You know, you enter a dark wood at a certain point in your life and things start falling apart; your life is not what you expected it to be.

I mention Ben Pobjie too:

I know now the desperate flailing, the horrific suffocation that comes when those black waves come crashing over and you find yourself just about incapable of keeping your head up in the face of the merciless tides. But we’re all capable. We may have to lean on others from time to time, but we don’t have to fall. Tomorrow I may feel them crashing again, and become convinced that none of this is true, but now I have to affirm that it IS.

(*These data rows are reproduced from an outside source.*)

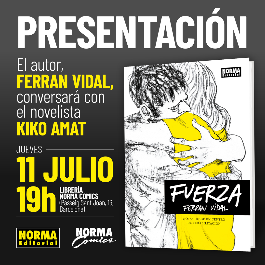 El jueves 11 de julio a las 19:00 se celebrará la presentación del nuevo cómic de Ferran Vidal, FUERZA, en la librería Norma Comics de Barcelona. El acto estará moderado por el reconocido novelista Kiko Amat.
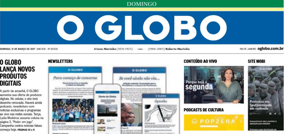 A Infoglobo, dona do jornal O GLOBO, resolveu fazer duas coisas diante da acelerada perda de credibilidade dos grandes veículos de imprensa no mundo de hoje: investir (mais ainda) em tecnologia e criar um canal exclusivo para “checagem de fatos” contra as tais “fake news”. Está em destaque na capa do jornal hoje:
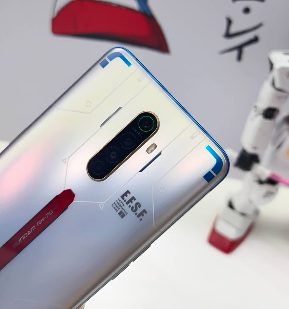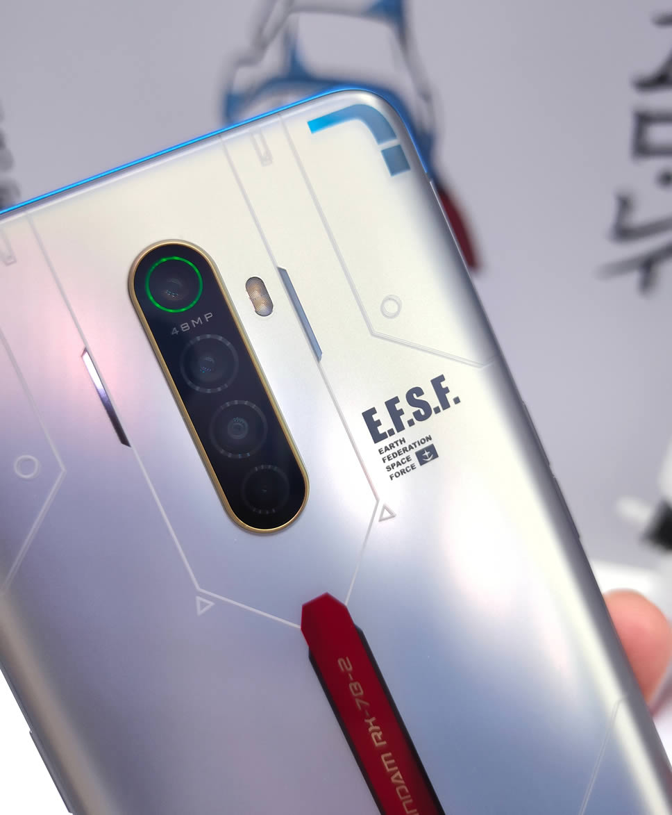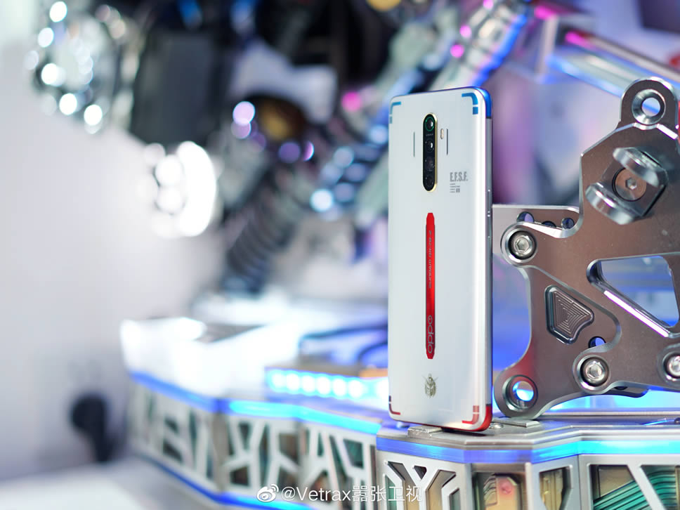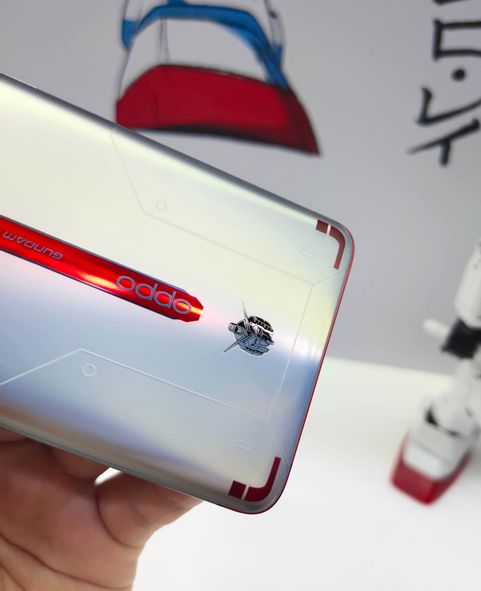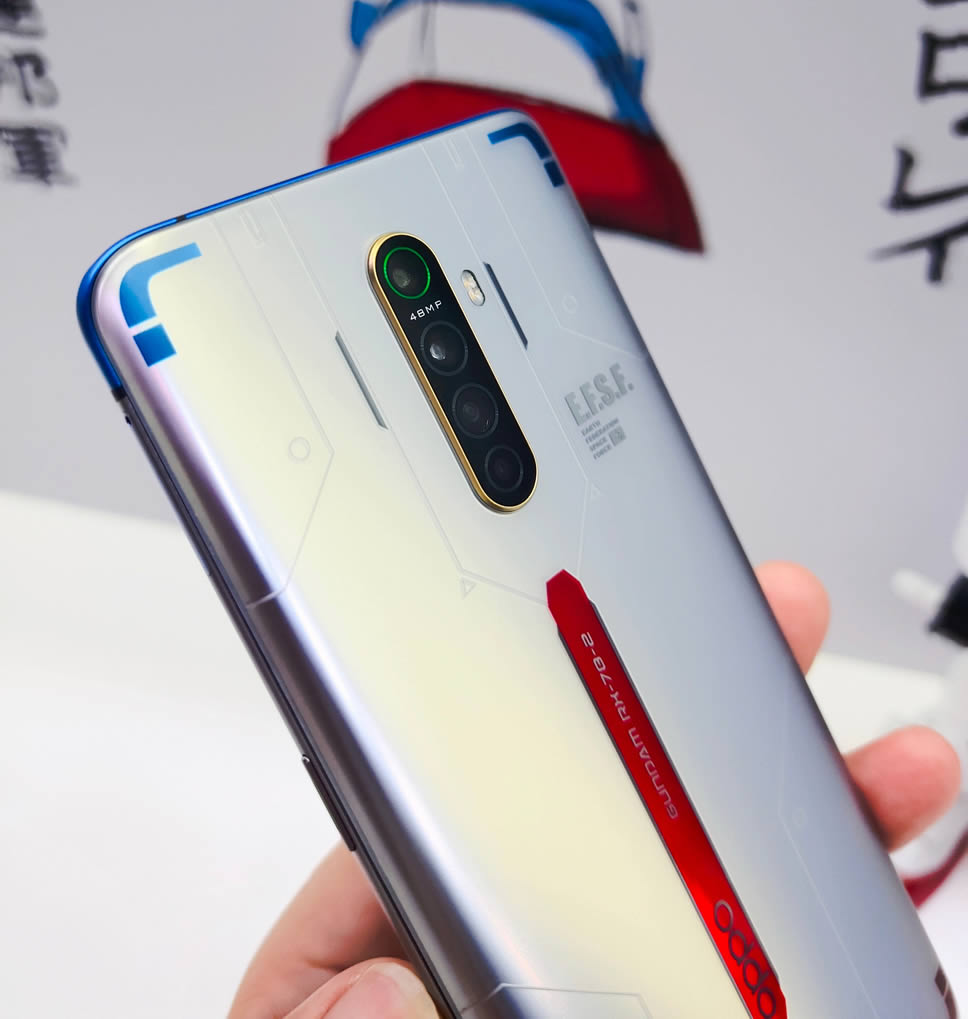 OPPO Reno Ace Gundam 40th Anniversary Limited Edition มีสเปกเหมือนกับ Reno Ace รุ่นปกติ มาพร้อมจอแสดงผล AMOLED ขนาด 6.5 นิ้ว ให้อัตราการรีเฟรข 90Hz ใช้ชิป Qualcomm Snapdragon 855 Plus ความจำ RAM 8GB จับคู่กับ ROM 256GB กล้องหลัง 4 ตัว 48MP Quad Camera และรองรับเทคโนโลยีชาร์จเร็ว 65W SuperVOOC 2.0
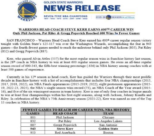 除此之外,科尔仅用943场比赛达成600胜,创造NBA历史第4快纪录。
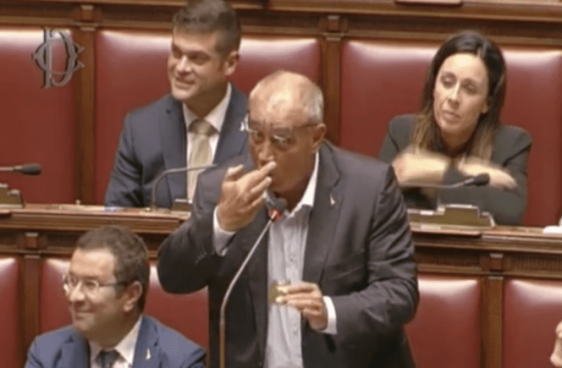 Pensavo che col taglio dei parlamentari fossero finite le pagliacciate del taglio della mortadella, del cappio o della esibizione dell’anello alla fidanzata mentre si lavora in parlamento.

So, in my garden today, I have been thinking about my coaching friends on the other side of the world. The sun is setting in rural New South Wales and is rising over the British Isles.
I am hopeful that the R.E.M video is one way of starting the conversation that will emerge from the dark woods prompted by public scrutiny.
I will be adding Bill Withers to my song list too as another way of sharing Ben’s realisation that leaning is what friends do … and what they are there for. It is a reciprocal act.
We all need to lean at some point. How we prepare for this leaning is very important. The more public the profile of the coach, the more I think we do need to discuss dark woods and crumple zones.
I wonder how you have dealt with similar experiences and what songs play in your head as you prepare to address them.

5 COMMENTS

  1. Being a sorts coach can be a cruel life. For the many, a ‘brave’ decision taken to name a starting line-up or making a change in mid-play will only be scrutinised by a handful of supporters. The most vocal of opponents will probably be the parents if its a junior team. But you live for a next fixture.
    As a high profile coach you’re decsions are scrutinised by the tens of thousands of fans in the stands, the millions who watch on TV and an army of pundits; who all have the benefit of hindsight.
    For me https://m.youtube.com/watch?v=N5jlPL1tNDY&feature=youtu.be Eye of the Tiger keeps me going.

    • Thank you for adding to the play list, Ron. I imagine you will have faced these issues a number of times in your long career as a coach.